See the capabilities registry for details.

Enable Hybrid Engine in v2507+

Run Aidbox locally following the Run Aidbox locally guide. Notice the downloaded docker-compose.yaml file includes environment variables to enable hybrid mode:

services:
  aidbox:
    environment:
      BOX_FHIR_TERMINOLOGY_ENGINE: hybrid
      BOX_FHIR_TERMINOLOGY_ENGINE_HYBRID_EXTERNAL_TX_SERVER: https://tx.health-samurai.io/fhir

For more configuration details, see Aidbox terminology module setup.

Prepare FHIR resources

Open Aidbox's REST Console and send:

POST /fhir/ValueSet

resourceType: ValueSet
status: active
url: http://example.org/vs-local1
compose:
  include:
  - system: http://hl7.org/fhir/administrative-gender
    filter:
    - property: concept
      op: "="
      value: female

POST /fhir/ValueSet

resourceType: ValueSet
status: active
url: http://example.org/vs-remote1
compose:
  include:
  - system: http://loinc.org
    filter:
    - property: concept
      op: in
      value: 1751-7,2339-0

POST /fhir/ValueSet

resourceType: ValueSet
status: active
url: http://example.org/vs-remote2
compose:
  include:
  - system: http://loinc.org
    filter:
    - property: concept
      op: "="
      value: 2339-0

Run ValueSet $expand operation

Now expand a ValueSet composed of local and remote terminologies.

Request:

POST /fhir/ValueSet/$expand

resourceType: Parameters
parameter:
- name: valueSet
  resource:
    resourceType: ValueSet
    compose:
      include:
      - valueSet:
        - http://example.org/vs-local1
      - valueSet:
        - http://example.org/vs-remote1
      exclude:
      - valueSet:
        - http://example.org/vs-remote2

Response:

resourceType: ValueSet
expansion:
  identifier: urn:uuid:f087ced0-b9b7-4277-a4d7-e97d23ff44fe
  timestamp: '2025-09-05T14:27:07.118905554Z'
  total: 2
  parameter:
  - {name: used-valueset, valueUri: 'http://example.org/vs-local1'}
  - {name: used-valueset, valueUri: 'http://example.org/vs-remote1'}
  - {name: used-valueset, valueUri: 'http://example.org/vs-remote2'}
  - {name: used-codesystem, valueUri: 'http://hl7.org/fhir/administrative-gender|4.0.1'}
  - {name: used-codesystem, valueUri: 'http://loinc.org|2.76'}
  - {name: version, valueUri: 'http://loinc.org|2.76'}
  contains:
  - {code: female, system: 'http://hl7.org/fhir/administrative-gender', display: Female}
  - {system: 'http://loinc.org', code: 1751-7, display: 'Albumin [Mass/volume] in Serum or Plasma'}

See the Aidbox's terminology module documentation for more examples.

Putting It All Together

The hybrid terminology engine is a production-ready way to handle what traditional TX services struggle with: delivering broad coverage and local control at the same time.
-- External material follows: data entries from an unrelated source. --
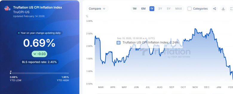 According to Truflation, today: The current Cleveland CPI inflation nowcast for February is 2.38%. Source link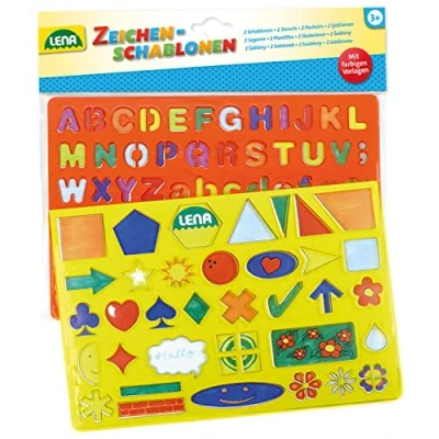 Lena 65774 Drawing Stencil Set Alphabet, Numbers and Signs, with Colour Samples 2 Stencils Letters, Numbers, Arithmetic Operators Shapes, 26x19 cm, for Children from The Age of 3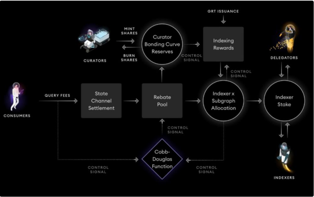 在The Graph网络中,整个生态主要包括消费者、索引者、指引者以及委托人。在这四类角色中,消费者(用户)支付费用(可以支付ETH或DAI,不过最终是以GRT进行结算)进行查询;索引者运行节点赚取查询费用和节点奖励;指引者(Curator,可以是子图开发人员、数据消费者或社区成员)存GRT来指明哪些子图值得索引;委托人把币质押给节点赚取收益。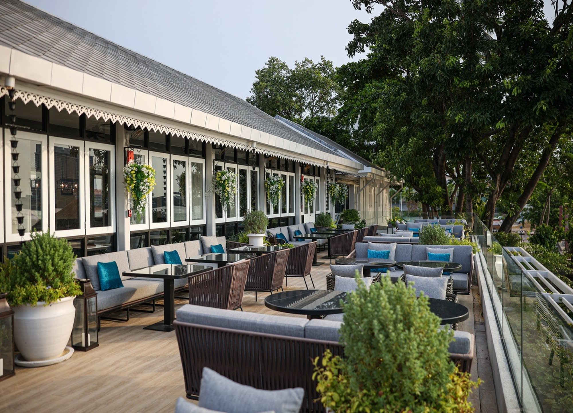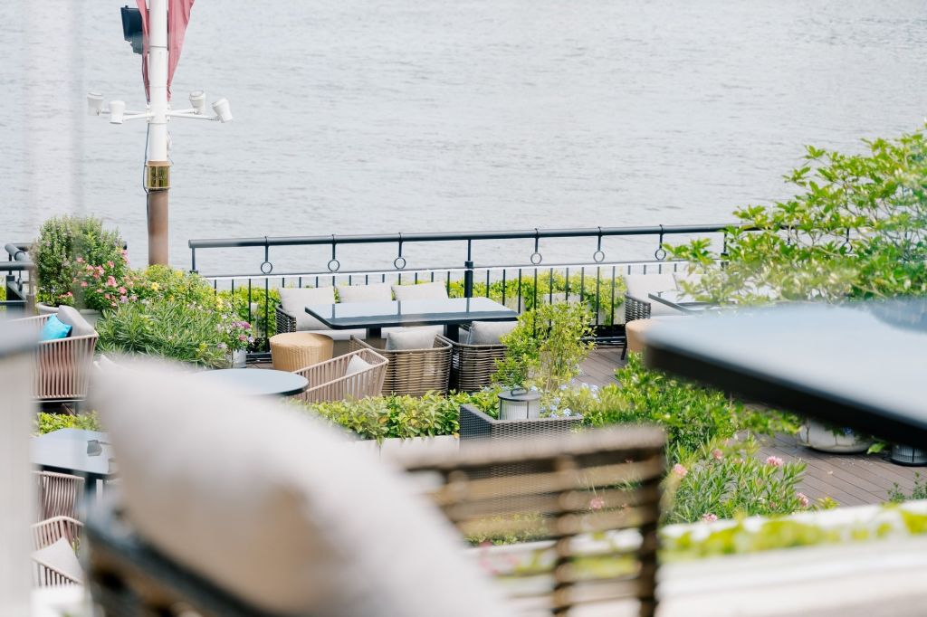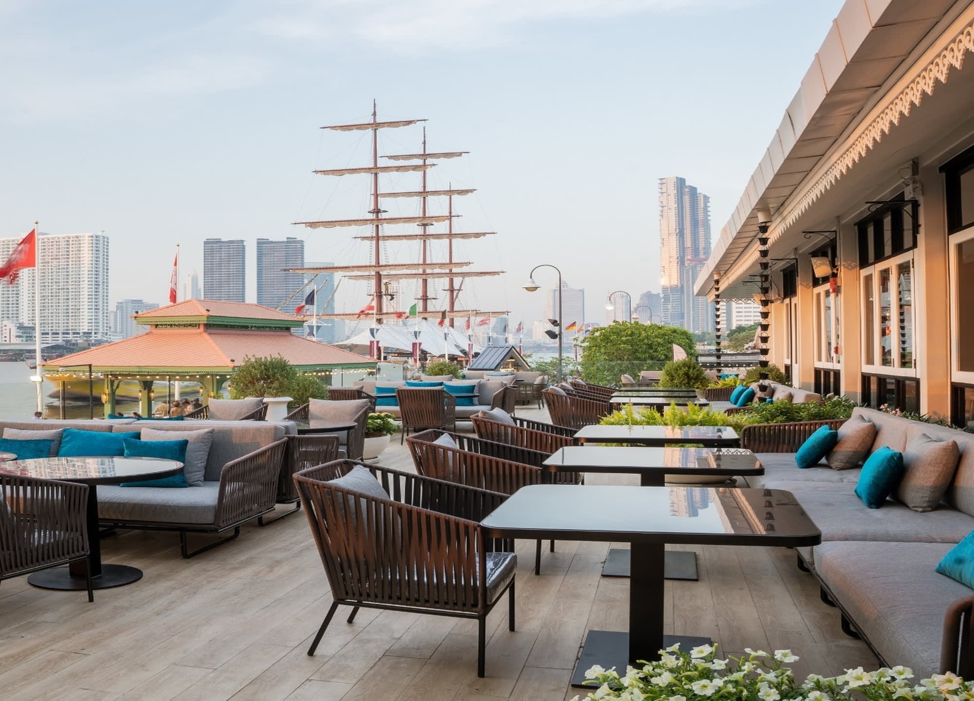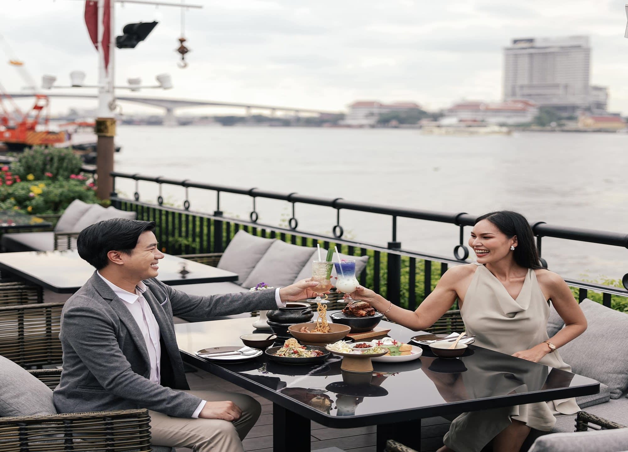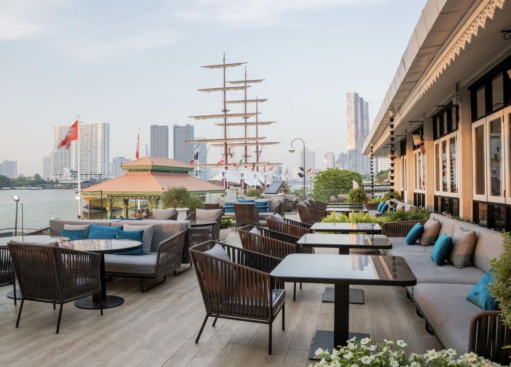 전통 태국 가옥을 모티프로 한 우아한 인테리어와 차오프라야 강의 탁 트인 전망 속에서,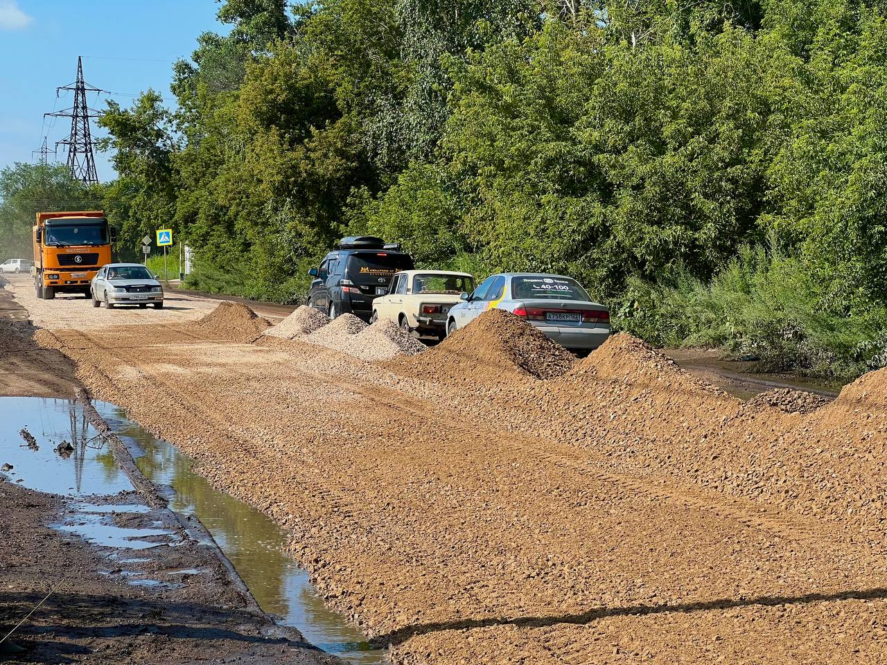 Ранее на участке по улице Оросительной от Угловского тракта до проезда Кооперативного была проведена срезка старого асфальта. Сегодня там работает тяжелая техника: ведётся обустройство щебёночно-песчаного основания, заездных карманов и остановочной площадки (установка бордюров).

Key Advantages Over Traditional Approaches

  • Reduced External API Usage: Only external resources trigger external server requests.
  • Parallel Processing: Local and external queries can run concurrently.
  • Intelligent Caching: Local resources benefit from database optimizations and indexing as well as remote results caching.
  • Gradual Migration: Move terminologies between local and external at your pace.
  • Custom Terminology Control: Sensitive or proprietary terminology remains under local control.
  • Standard Terminology Access: Get comprehensive coverage of external terminologies without local storage burden.
  • Advanced TX server operations support: The hybrid engine implements the TX service specification near 100% with emphasis on custom and community terminologies.